## Problem requirements
Transcribe everything in the listing as written, and let no image into the copy.

## Input data

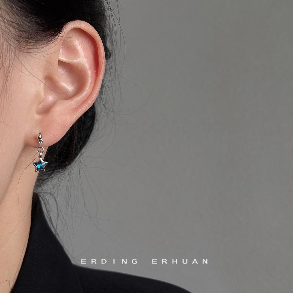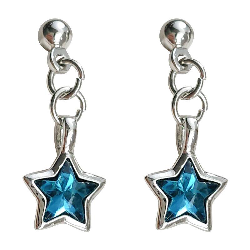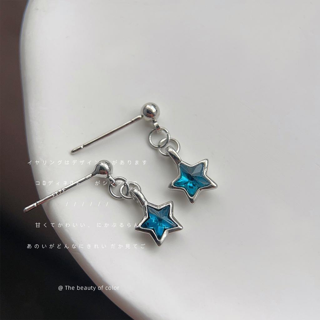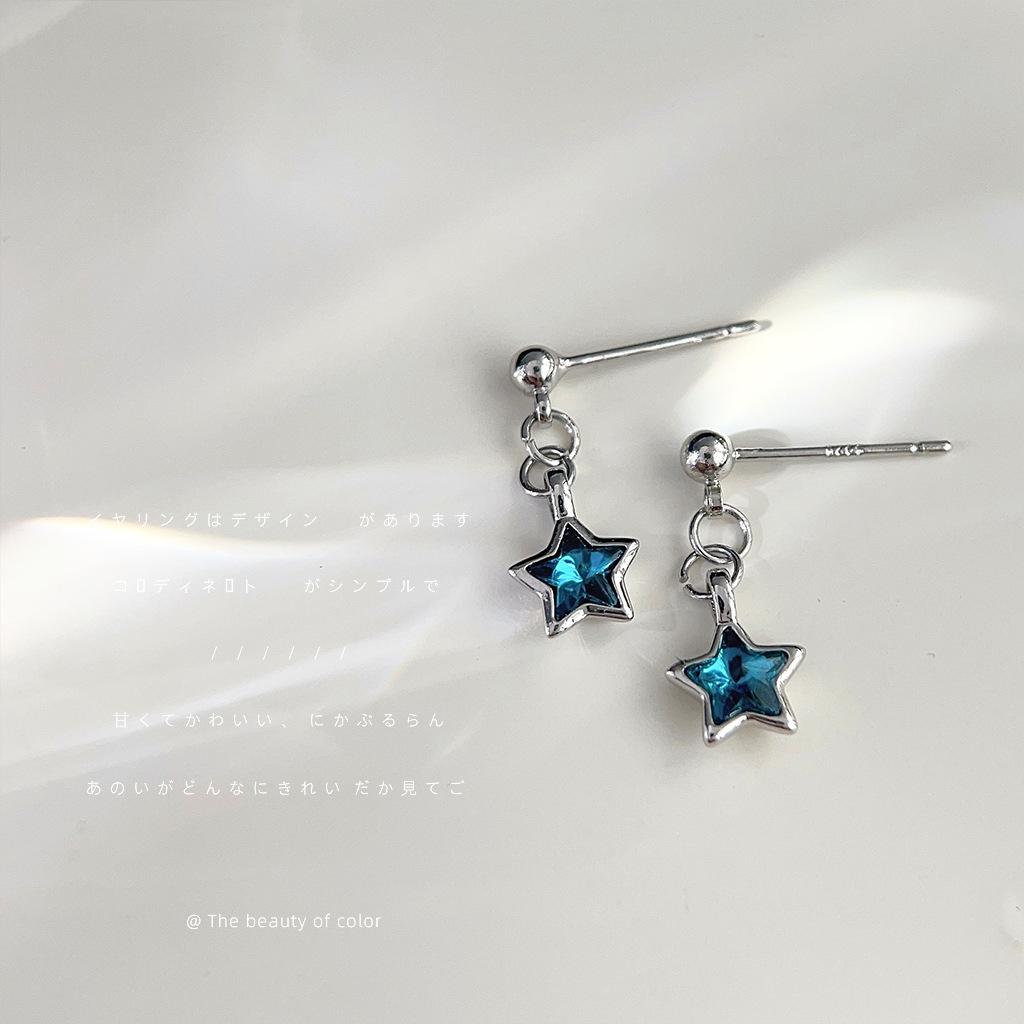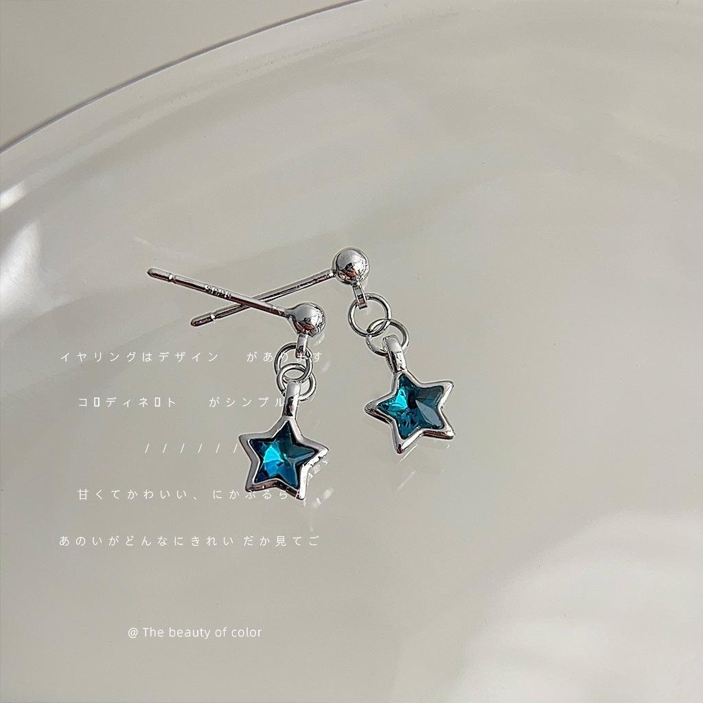Mini pendientes de estrella de cinco puntas de cristal azul, exquisitos pendientes sencillos y bonitos.
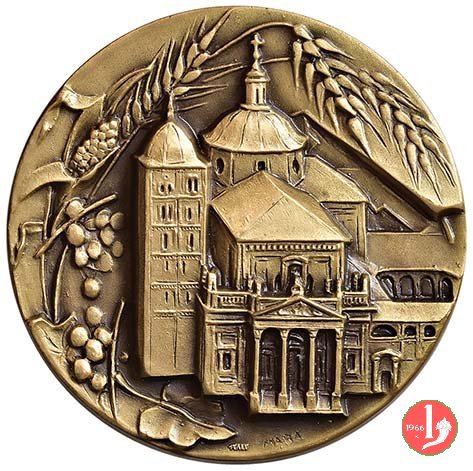 Consacrazione Chiesa Giovanni Maria Vianney in Roma 1990 Dritto: S. GIOVANNI _ MARIA VIANNEY busto a sx del Santo orante con mozzetta e stola sotto: E. L. FRAPICCINI prospetto anteriore della nuova Chiesa In esergo: ANNO DEL SIGNORE= 1990 = logo |
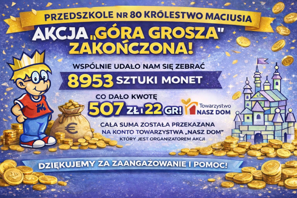 Z radością informujemy, że w naszym przedszkolu zakończyła się ogólnopolska akcja charytatywna „Góra Grosza”.

## Answer for the task
Mini pendientes de estrella de cinco puntas de cristal azul, exquisitos pendientes sencillos y bonitos.
 Consacrazione Chiesa Giovanni Maria Vianney in Roma 1990 Dritto: S. GIOVANNI _ MARIA VIANNEY busto a sx del Santo orante con mozzetta e stola sotto: E. L. FRAPICCINI prospetto anteriore della nuova Chiesa In esergo: ANNO DEL SIGNORE= 1990 = logo |
 Z radością informujemy, że w naszym przedszkolu zakończyła się ogólnopolska akcja charytatywna „Góra Grosza”.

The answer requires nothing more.